# Browser



## rlchurch (Oct 19, 2003)

It would be great if TIVO had a browser app. With the Qwerty capability of the new peanut and a high def screen it seems a natural.


----------



## orangeboy (Apr 19, 2004)

rlchurch said:


> It would be great if TIVO had a browser app. With the Qwerty capability of the new peanut and a high def screen it seems a natural.
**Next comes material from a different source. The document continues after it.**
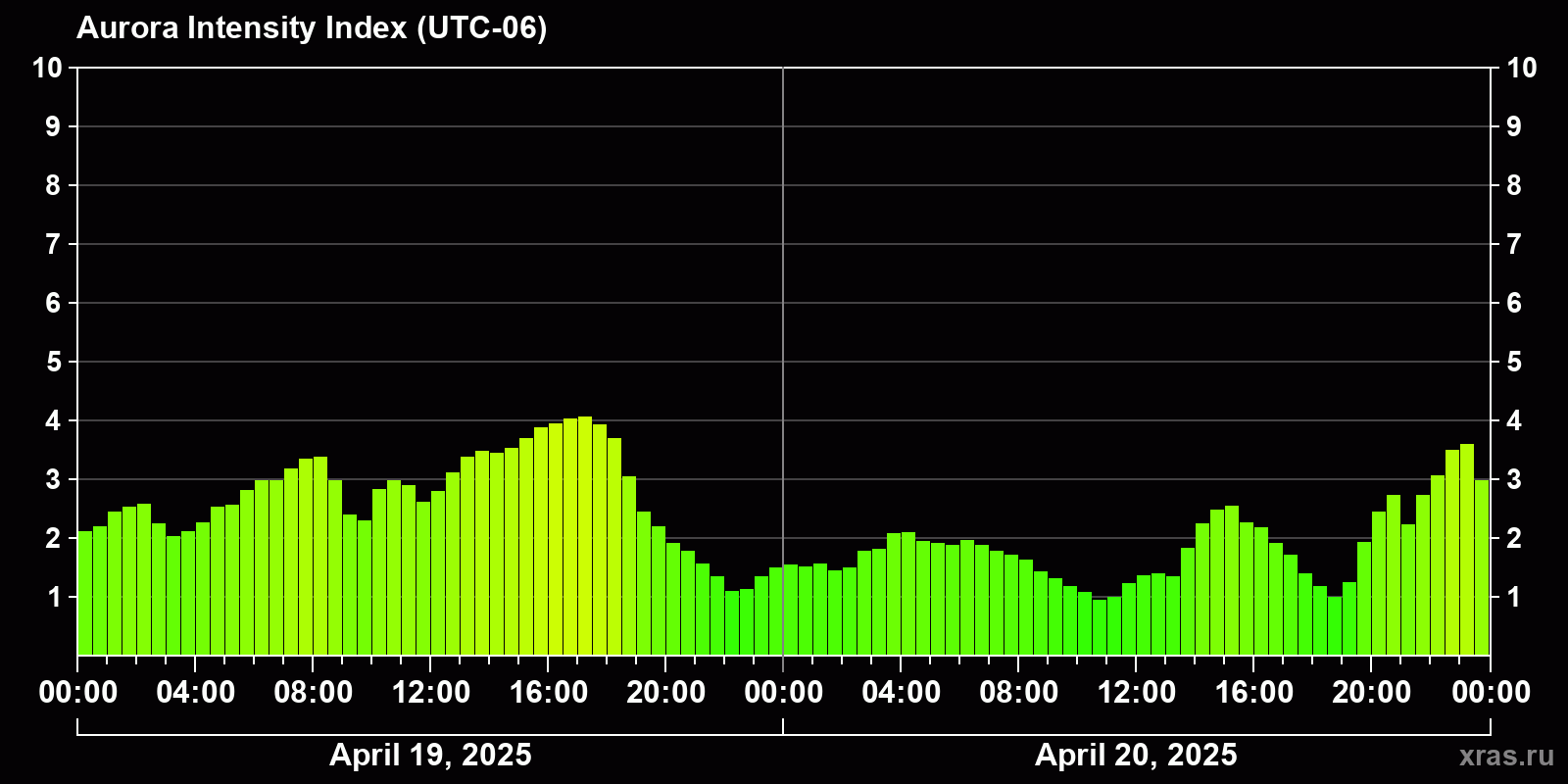 Changes in the auroral intensity index from 2025-04-19 to 2025-04-20 local time

I imagine you used a mouse at some point to navigate to this forum and to post this. Try to not use a mouse for a bit. That may give you an idea of what a TiVo browser experience would be like.


----------



## EvilMidniteBombr (May 25, 2006)

I'm not one to usually get on here and shoot down ideas. But I have to say that this would be bad. The tivo is not a good place for a web browser. I've tried the My Frame Facebook app a couple of times and hated it. Youtube searching is painful as well. There is no way an internet browser on the TiVo would be anything better. Especially without a mouse.


----------



## shwru980r (Jun 22, 2008)

Add the ability to use a mouse.


----------



## rlchurch (Oct 19, 2003)

Great, USB wireless mouse and keyboard. The processor is pretty hefty and the operating system is supposed to be Linux. It doesn't seem like a major programing challenge.


----------



## bradleys (Oct 31, 2007)

I have a browser in my New TV and I HATE IT!!! 
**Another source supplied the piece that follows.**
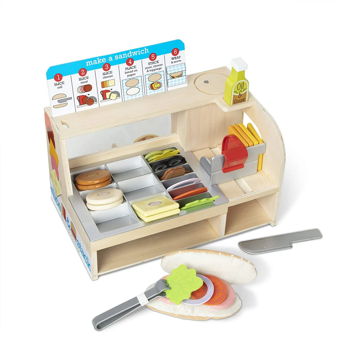 Create piled-high sandwiches, made to order with this wooden sandwich counter playset with all the Fixin’s! The sturdy wooden deli counter includes a play meat and cheese slicer for the wooden play food and felt sandwich roll and toppings to create sandwiches ordered from the menu. There is a wooden dressing bottle, play snacks, and a cup with drink insert to round out meals that customers can pay for with the included play money! An illustrated guide helps with sandwich prep and shows kids how to use the slicer. All 52 pieces store in the sandwich counter for easy cleanup. It’s a deliciously fun way to encourage counting, sorting, and fine motor skills, as well as imaginative play and storytelling.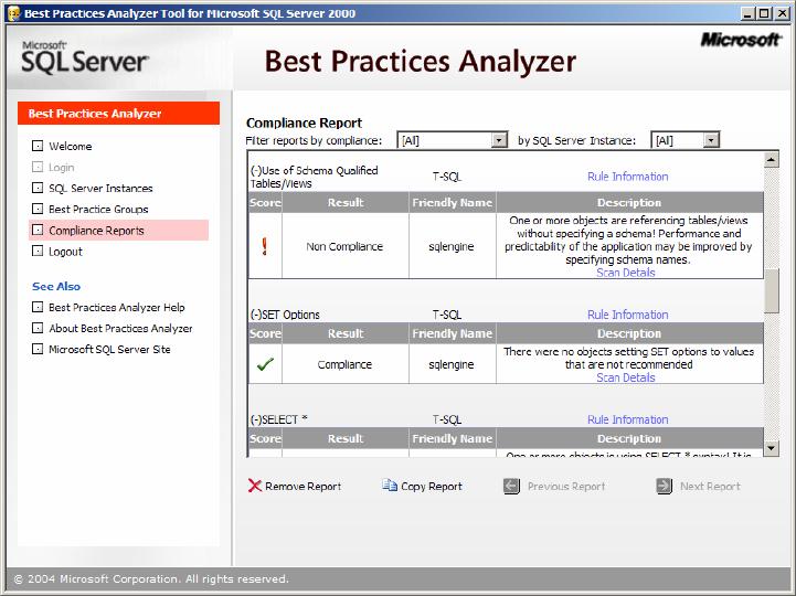 一定的质量要求。SQL BPA 的一个规范遵循报告界面如图 9.42 所示:

I will never use it - and If you can't get a decent presentation on a 55" 1080P, what is the point. I would far rather use my iPAD or my laptop.

hmmm - do you think maybe I have too many toys???


----------



## lrhorer (Aug 31, 2003)

orangeboy said:


> I imagine you used a mouse at some point to navigate to this forum and to post this. Try to not use a mouse for a bit. That may give you an idea of what a TiVo browser experience would be like.


That's a good analogy.


----------



## Bloke28 (Feb 25, 2011)

With the release of Google TV, surely Tivo plans to also make it possible to surf the web too??
And even some TV's can plug in a wireless adapter and browse these days..

I use a 42" TV as my PC monitor and Tivo Television, so to surf the web i have to change inputs to PC, then back to Tivo..

Plus it has USB at the back surely that could be adapted to work a USB keyboard and USB mouse?
Even if they have to be TIVO BRANDED MICE AND KEYBOARDS I'd buy em..


----------